Thomas Etherington edited this page Sep 21, 2020 · 1 revision

The find_simplex function of compGeometeR is written partly in R so unlike other functions that are almost entirely written in C the find_simplex function can start to run slowly when dealing with 100s of millions of test points.

Fortunately, the problem of processing all these test points is what is known as an embarrassingly parallel problem, as each test point can be processed individual without reference to any of the other test points it is a relatively easy task to break the test points into separate chunks to process them in parallel through a coding process called parallelisation.

R packages such as foreach and doParallel make this process possible in R, and the following script puts that idea into practice:

#-------------------------------------------------------------------------------

# R version 3.5.3 (2019-03-11) -- "Great Truth"
# Copyright (C) 2019 The R Foundation for Statistical Computing
# Platform: x86_64-w64-mingw32/x64 (64-bit)

#-------------------------------------------------------------------------------

library(compGeometeR) # version 1.0
library(doParallel) # version 1.0.15
library(foreach) # version 1.5.0
library(tictoc) # version 1.0

#-------------------------------------------------------------------------------

set.seed(0) # To reproduce the same results

# Create random data, alpha-complex, and grid of coordinaets to check
x = runif(100)
y = runif(100)
p = data.frame(x,y)
a_complex = alpha_complex(points = p, alpha = 0.05)
point_grid = grid_coordinates(mins=c(0,0), maxs=c(1,1), spacing=0.0001)
X = unique(point_grid[,1])
Y = unique(point_grid[,2])

#-------------------------------------------------------------------------------

# Serial processing
tic()
grid_a_complex_serial = find_simplex(a_complex, point_grid)
toc()

#-------------------------------------------------------------------------------

# Parallel processing
tic()
chunks = 4
chunk_size = ceiling(nrow(point_grid) / chunks)
cl = makePSOCKcluster(chunks)
registerDoParallel(cl)
grid_a_complex_parallel <- (foreach(i = 1:chunks, .combine=c) %dopar% {
  library(compGeometeR)
  start = (((i - 1) * chunk_size) + (i))
  end = min((((((i - 1) * chunk_size) + (i))) + chunk_size), nrow(point_grid))
  chunk_data = point_grid[start:end,]
  rownames(chunk_data) = 1:nrow(chunk_data)
  acomplex = find_simplex(a_complex, chunk_data)
})
stopCluster(cl)
toc()

#-------------------------------------------------------------------------------

Here we are dealing with 100,020,001 test points, and when processed in serial on my laptop this takes 119.7 seconds.
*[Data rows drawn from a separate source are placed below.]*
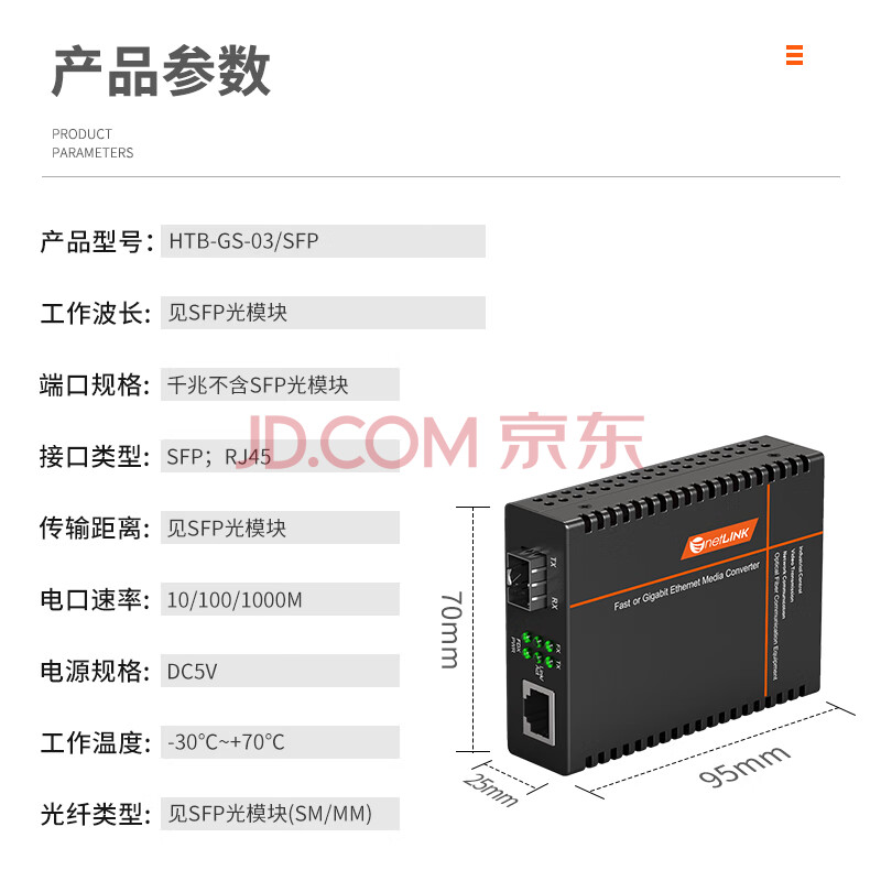 商品相册:netLINK HTB-GS-03/SFP 千兆SFP光纤收发器 工程电信级光电转换器 不含SFP光模块 一台第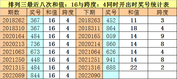 体彩排列三最近八次同时出现和值:16与跨度:4的奖号分别为:367、367、484、736、673、448、484、844,前七次下期开出奖号分别为:452、864、059、860、626、941、688,详见下表: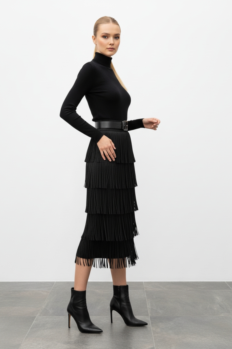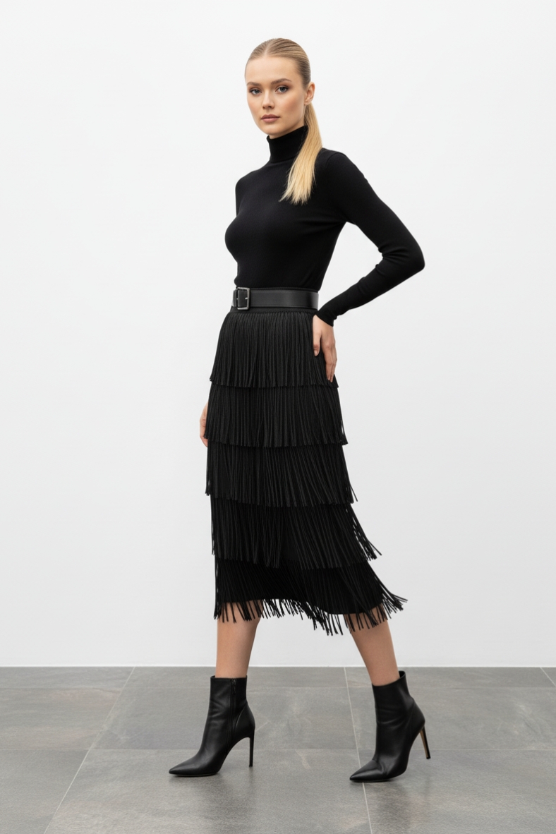 Non dimenticare di accessorize: una cintura in vita può enfatizzare la silhouette e aggiungere un tocco di eleganza. Gli orecchini pendenti e una borsa a tracolla completano il look, rendendolo perfetto per qualsiasi occasione. Con la gonna nera con frange, ogni outfit diventa un’affermazione di stile e personalità, rendendola un must-have per la stagione.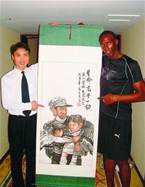 牙買加飛人博爾特在奧運會百米決賽中以9秒69震驚世界,昨日記者獲悉,博爾特與山東濟寧的一位農民畫家還有一段小故事——— 奧運開幕前夕,博爾特隨牙買加體育代表團在天津訓練時,濟寧畫家房貽德特意托人向博爾特贈送了一幅抗震救災題材國畫,博爾特欣然接受,并回贈了一件他的簽名運動服。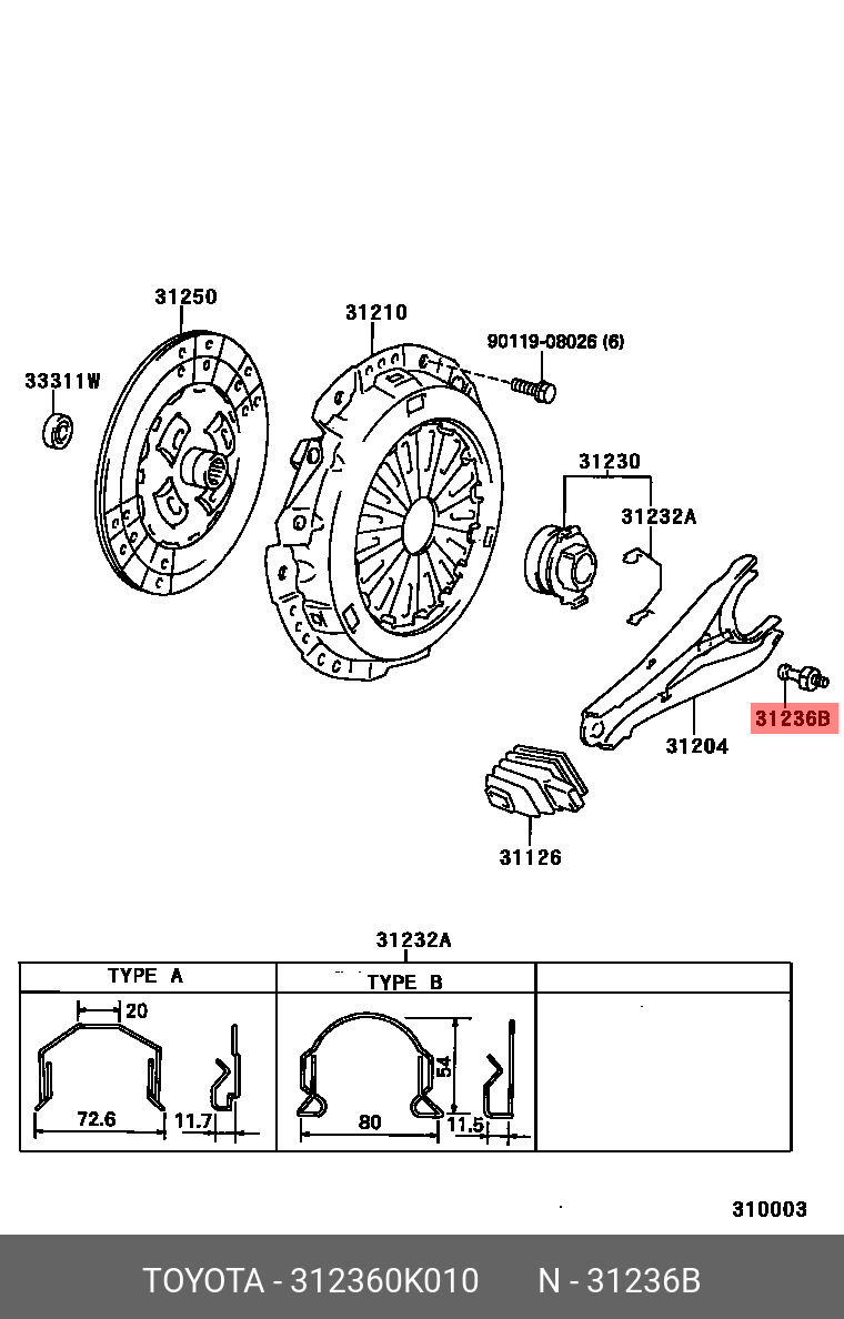 31236-0K010 TOYOTA УПОР ВИЛКИ СЦЕПЛЕНИЯ 8973545501 31236-0K010

But on a quad-core laptop by splitting the processing into 4 chunks we can reduce the processing time to 71.81 seconds.

The usual logic applies with parallelisation in that due to the overhead of setting up and resolving the parallelisation it will not always result in improved performance. You can see this principal in that using 4 processes did not take a quarter or 25 % of the time, but 60 % so closer to a half than a quarter, and with small numbers of test points the parallel process will actually take longer - and require you to take more time to write more complex code! So I would suggest that parallelisation really is only worth trying if you can't cope with processing times resulting from serial process used in find_simplex.

That said, we did achieve a notable speed up here with just 4 parallel processes when checking 100,020,001 points. So hopefully the example here will help those people who need to process data points faster than can be done in serial. And of course, given the problem is embarrassingly parallel there is certainly the potential to scale up significantly on a high-performance computing infrastructure with many processors if a vast number of points need to be processed.